According to the national Entry-Exit Inspection and Quarantine authority, many countries and regions are focusing more efforts in inspecting mailed moon cakes from China during the weeks leading up to the Chinese Mid-Autumn and they have set various requirements for those gifts.

According to Shanghai Entry-Exit Inspection and Quarantine Bureau, the mailed moon cakes must meet the other country’s standards.

For example, Australia has announced several requirements: senders are expected to make a comment on the mail saying this is a festival gift, and the moon cakes are not made of meat, yolk or nuts.

In the United States, mailed moon cakes made of meat, poultry or yolk are expected to be produced under the surveillance of the American inspection administration or their designated food inspection administrations in other countries.

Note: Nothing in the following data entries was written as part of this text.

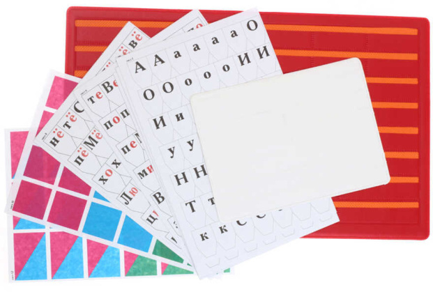 Касса состоит из папки формата А5 , внутри которой - ряды с карманчиками, демонстрационной карточки из ПВХ и картонной кассы с буквами, слогами и цифрами.
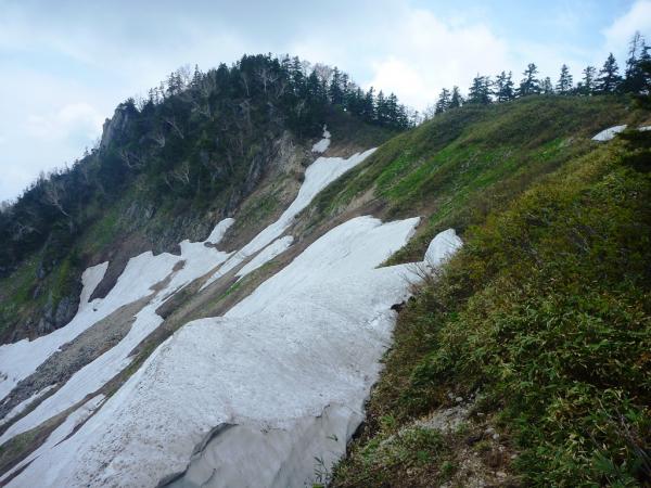 山頂が目線の高さと同じになるころ、ガレ場が現れます。左右共に切れ落ちているので慎重に。
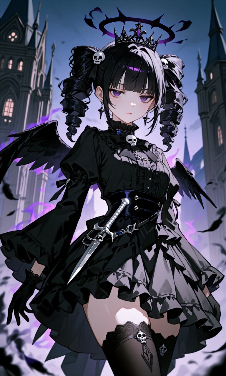 1girl, an 18-year-old girl with striking black twin drill hair and deep purple jitome eyes stands expressionless in a mystical twilight setting. Her delicate yet detailed face features flawless skin, and her beautiful hair cascades in intricate waves. She wears a (Black luxurious Gothic Prince costume:1.6) with long sleeves, a (luxurious mini skirt:1.4), and (Black luxurious thighhighs:1.3). A (dagger on waist:1.3) gleams subtly, while a (luxurious Black crown:1.4) rests atop her head, accompanied by a faint (black halo:1.3). Her (black wings folded behind:1.2) and (luxurious Black gloves:1.2) complete her regal yet dark attire, adorned with (skull motif accessories:1.3). The background features a grand Palace with Gothic architecture, bathed in a romantic academia atmosphere. Outside at midnight, a (dark aura, black smoky haze floating subtly around her:1.3) enhances the mystical ambiance. The scene is rendered in insanely detailed 16k quality, emphasizing her beautiful yet eerie presence.
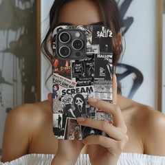 Your phone’s Halloween costume: dressed head-to-toe in cult horror posters, ready to spook, shock, and survive the drop.
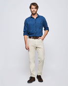 Quizás uno de los modelos más Sport de Saville Row. Nuestra Camisa Houston en versión Weekend Shirt tiene un lavado que la hace suave y cómoda desde el primer día. En este caso viene en una Tela lisa de Índigo Twill, liviana y de Algodón muy especial y particular que da un Look perfecto.
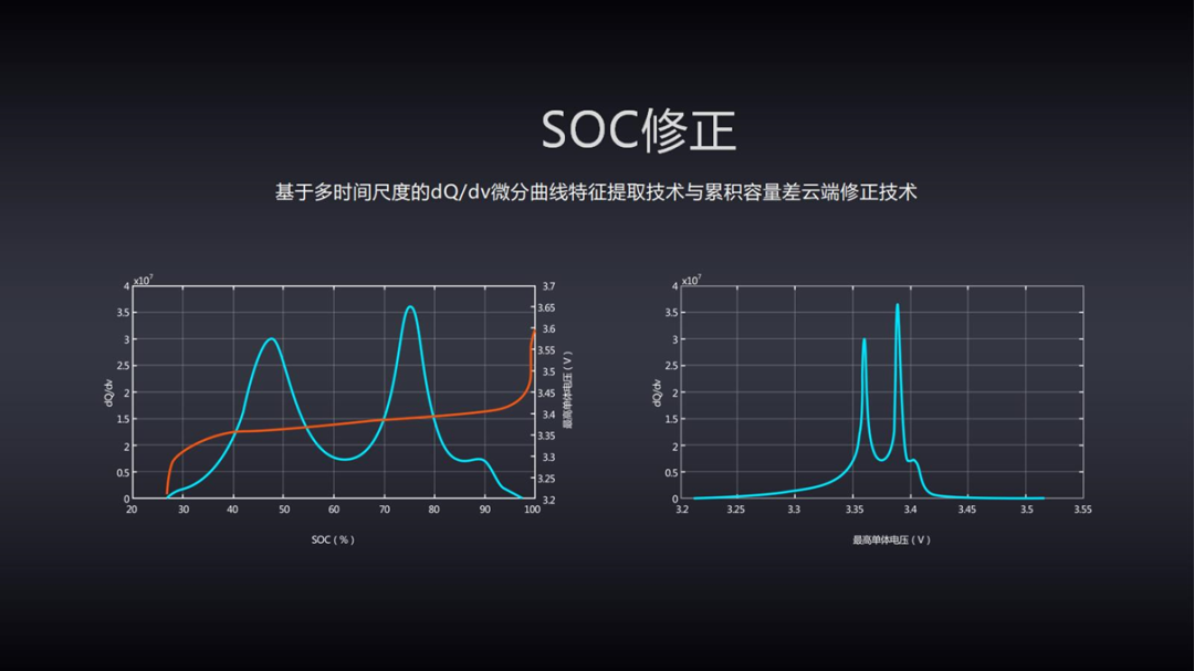 下面这个图是dQ/dV的微分曲线,我们可以看到在SOC的中段有2个波峰1个波谷的明显特征,我们就是利用这3个点进行SOC的校准,但是这个算法涉及到微分算法,且要求的数据量也比较大,嵌入式里面难以实现,所以我们将这个算法放到云端来执行。
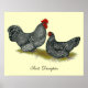 An unusual breed is the Scots Dumpy. These are long bodied chickens with very short legs, reminding one of Japanese bantams.
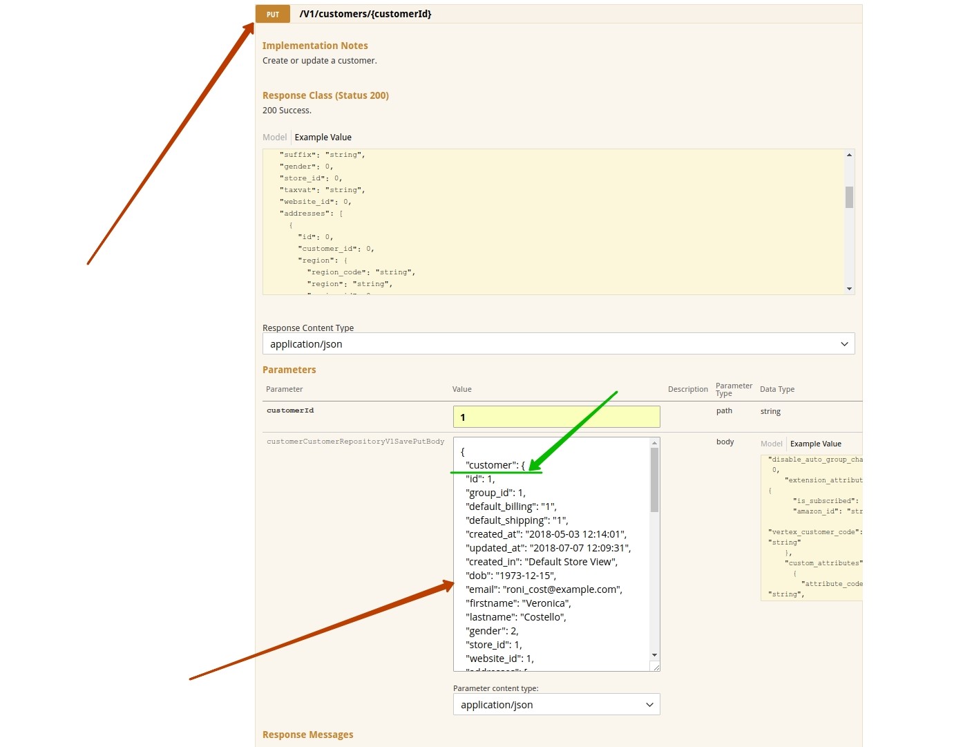 Go to /V1/customers/{customerId}, paste the customer data, and confirm details.
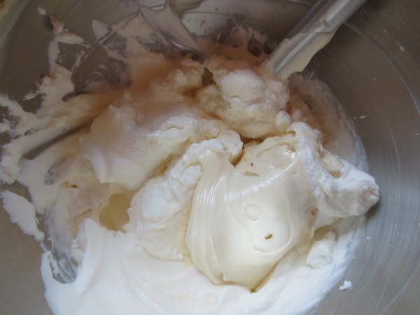 Después unir con movimientos envolventes a la crema de queso. Llevar a la nevera para que tome más cuerpo.

In Japan, the authority requires that mailed moon cakes under the weight of 10 kilograms must be labeled with the contents and expiration dates, and for the packages above 10 kilograms, the animal and plant quarantine certificate is required from receivers. The country has also set limitations on the sweetening agent, aseptic, in the moon cakes festival.

If the mailed moon cakes do not meet these standards, they will be returned to the senders or destroyed.

In face of strict requirements on Chinese moon cakes by foreign countries, some people suggest Chinese export food companies think more of how to make moon cakes to meet foreign standards. However, some others object to this idea by saying if moon cakes are made by foreign standards, they’re not moon cakes any more.